Annabel Abbs: Dire Tänzerin von Paris

„Tanz war meine Antwort – auf alles, was das Leben mir abverlangte“
Paris, 1928: Lucia ist jung, begabt und wird in der Bohème als Tänzerin gefeiert. Aber ihr Vater ist der große James Joyce, und so modern seine Werke auch sein mögen, so argwöhnisch beobachtet er das Streben seiner Tochter nach einem selbstbestimmten Leben. Dann begegnet Lucia dem Schriftsteller Samuel Beckett, der ihre große Liebe wird.
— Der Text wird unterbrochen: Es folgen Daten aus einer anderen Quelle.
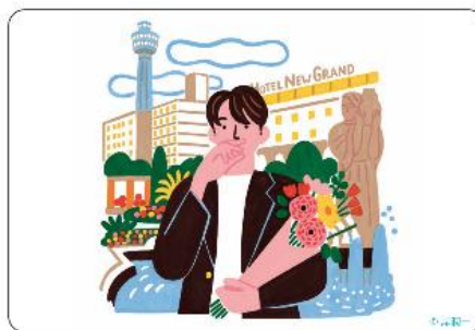
ポストカードデザイン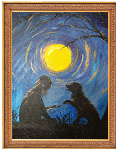
Диана Карабушкина, победитель в категории от 14 до 17 лет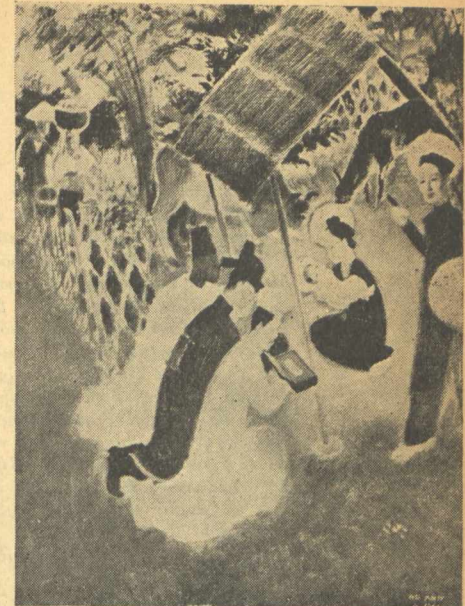
«Τό προσκύνημα τῶν Μάγων», μέ τροπικό φόντο, ἀπό Βιετναμίτη καλλιτέχνη.

Πολιτισμό! Κάθ' ἕνας νά κυτιάξῃ Τό Μέλλον! Τούς Ἐφῆστιους Θεούς μας Νοιασιῆτε πρῶτα, χίτιτε τούς Ναούς μας. ΓΙΑΝΝΗΣ ΞΕΠΟΥΛΙΑΣ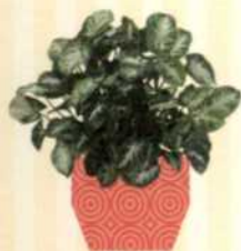
VERÄNDERLICHE PURPURTUTE Syngonium podophyllum S. 53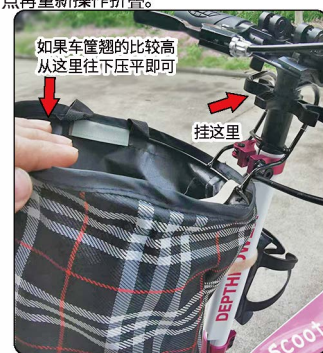
如果车筐翘的比较高从这里往下压平即可 挂这里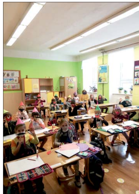
Děti v 1.B chystají „covidový“ masopust.

díky kterému můžeme spolupracovat se všemi žáky. Ti, kteří nemají možnost si materiály doma vytisknout, vyfotit a poslat..., mohou práce vyzvedávat a odevzdávat ve vestibulu školy, ta je otevřená v pracovní dny vždy do 18:00 hodin. Tímto způsobem vydáváme žákům také další učebnice či pracovní sešity. Hned od října docházejí někteří žáci na osobní konzultace do školy, kde se jim věnují učitelé nebo asistenti pe-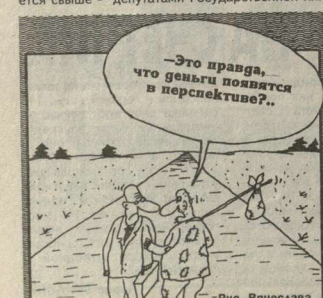
«Это правда, что деньги появятся в перспективе?»

«Главная, конечно же, в том, что в стране «развитого социализма», из которой мы родом, всеские «разогнаны» деньги.

Doch ihre Hoffnungen, sich aus dem Schatten des übermächtigen Vaters zu befreien und ihren eigenen Weg gehen zu können, drohen schon bald zu scheitern.
(Das tragische Schicksal einer jungen Frau auf der Suche nach Freiheit und Liebe – nach der wahren Geschichte von Lucia Joyce.)